Cooperative spectrum sensing is a two-stage process composed of (1) local sensing and (2) fusion of local sensing results. In the first stage, each SU sniffs the spectrum and deduces the presence or absence of PU. In the second stage, local decisions of multiple users are fused together for making the final decision on whether a PU is absent or present. For improving cooperative sensing, researchers focus on how to optimally fuse local sensing results. Several optimal fusion schemes for cooperative spectrum sensing have been summarized in [6]. Although fusion rules may improve the final decision, the decision is highly dependent on the result of the first stage. Therefore, improving the first stage can improve cooperation results.

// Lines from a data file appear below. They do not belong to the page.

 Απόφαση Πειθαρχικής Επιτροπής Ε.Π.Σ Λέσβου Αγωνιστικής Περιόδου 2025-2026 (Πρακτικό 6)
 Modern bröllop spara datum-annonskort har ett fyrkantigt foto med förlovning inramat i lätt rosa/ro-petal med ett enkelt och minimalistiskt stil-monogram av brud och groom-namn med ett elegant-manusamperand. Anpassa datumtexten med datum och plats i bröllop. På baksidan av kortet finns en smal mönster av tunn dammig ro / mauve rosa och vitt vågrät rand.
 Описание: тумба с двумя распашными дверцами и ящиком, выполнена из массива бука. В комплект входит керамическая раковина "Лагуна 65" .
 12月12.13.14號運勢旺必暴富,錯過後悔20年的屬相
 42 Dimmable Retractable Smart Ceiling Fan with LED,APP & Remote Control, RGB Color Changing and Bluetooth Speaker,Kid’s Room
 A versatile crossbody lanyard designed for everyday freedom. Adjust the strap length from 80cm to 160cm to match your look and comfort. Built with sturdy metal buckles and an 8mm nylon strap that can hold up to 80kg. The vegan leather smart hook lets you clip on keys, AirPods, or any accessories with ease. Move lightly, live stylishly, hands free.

Researchers have recently focused on how to achieve reliable results with less mean sensing time. The most promising reforms applied to local spectrum sensing are: using multiple antennas, using two-stage sensing schemes, and improving existing techniques. In [9, 10], the improvement of the sensing performance of energy detection is achieved using multiple antennas at the sensing node. In [1114], two-stage spectrum sensing techniques are explored, in which the first stage involves coarse sensing and the second one involves fine sensing. In the majority of two-stage sensing techniques, coarse sensing performs energy detection while fine sensing is later performed to verify the presence or absence of PUs.

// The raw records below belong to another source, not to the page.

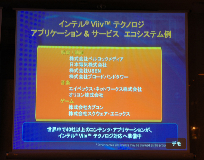 世界中で40社以上のコンテンツ・アプリケーションがインテルViivテクノジーへの対応を準備している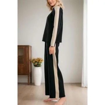 Kedera Women Knit 2 Piece Loungewear Sets Knit Sweater Outfit Long Sleeve Contrast Color Pullover Tops and Wide Leg Pants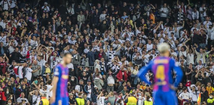 对阵法兰克福的欧联淘汰赛,诺坎普球场融入了一半的客队球迷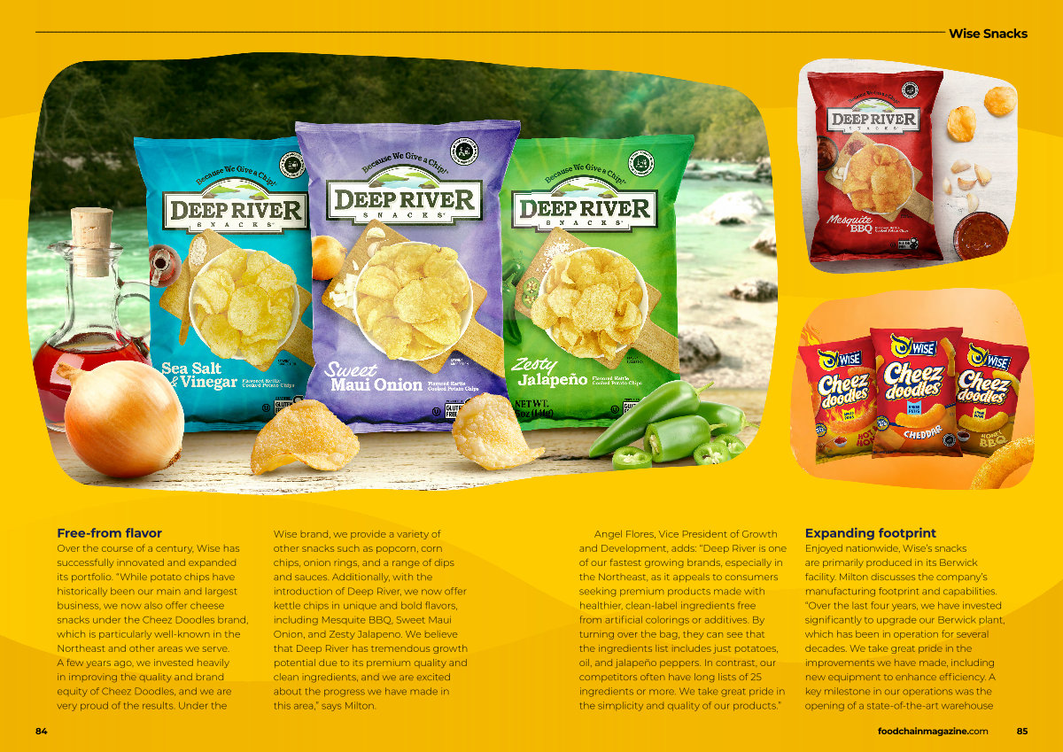 Wise brand, we provide a variety of other snacks such as popcorn, corn chips, onion rings, and a range of dips and sauces. Additionally, with the introduction of Deep River, we now offer kettle chips in unique and bold flavors, including Mesquite BBQ, Sweet Maui Onion, and Zesty Jalapeno. We believe that Deep River has tremendous growth potential due to its premium quality and clean ingredients, and we are excited about the progress we have made in this area,” says Milton.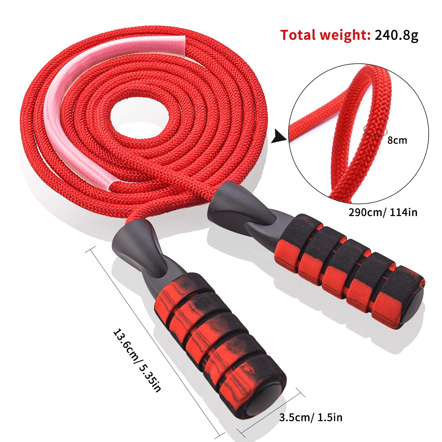 Soft Cotton Rope – Our jump rope is made of high quality polyester cotton and covered with silicon protective case to ensure maximum service life. The rope is 9.84 feet long and 0.31 inches(8mm) in diameter, 0.5 lbs weight.
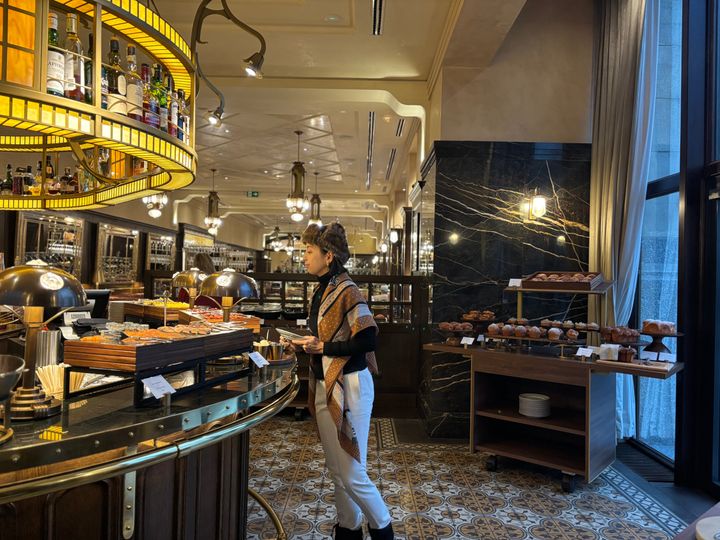 19世紀に建てられたパサージュ(屋内通路)をそのまま使っていて、天井は高く、装飾がとにかく豪華。カフェというより、もはや小さな宮殿や美術館に迷い込んだといった方が正しいのかも。

To improve the existing techniques, one-order cyclostationary detection in the time domain is proposed in [15], where the mean characteristic of the PU signal is exploited in order to improve the efficiency of channel sensing. Both real-time operation and low computational complexity can be achieved using this detection scheme. In [16], the energy detection technique is improved by replacing the squaring operation with arbitrary positive power operation. Power operation depends on the probability of false alarms, the probability of detection, the average SNR, and the sample size. By choosing the value of the power operation, detection performance of a conventional energy detector can be improved. Advanced sensing techniques for energy detection, including multiple antenna sensing and cooperative sensing, are discussed in [17].

L. A. Zadeh first introduced fuzzy logic in order to cover more general linguistic notation for extending binary logic. Fuzzy logic can be applied in CR networks. In [18], fuzzy logic is used for the representation of cross-layer information and for the implementation of optimization strategies in CR networks. The fuzzy reasoning model that is appropriate for SU devices operating in heterogeneous networks is proposed in [19]. Fuzzy comprehensive evaluation is used for collaborative spectrum sensing in CR networks [8, 20]. Fuzzy collaborative spectrum sensing improves the performance in terms of the probability of detection and false alarms. However, introducing fuzzy logic at node-level sensing can further improve the performance by improving local sensing results. In our proposed approach, fuzzy logic is used to make the local spectrum sensing decision.

3. Spectrum sensing techniques

The most commonly employed spectrum sensing techniques for transmitter detection are: matched filtering, energy detection, and cyclostationary detection. These spectrum sensing techniques are used for detection in parallel and then the fuzzy logic approach is used to determine spectrum holes. First, we will discuss each of the transmitter detection techniques including their pros and cons.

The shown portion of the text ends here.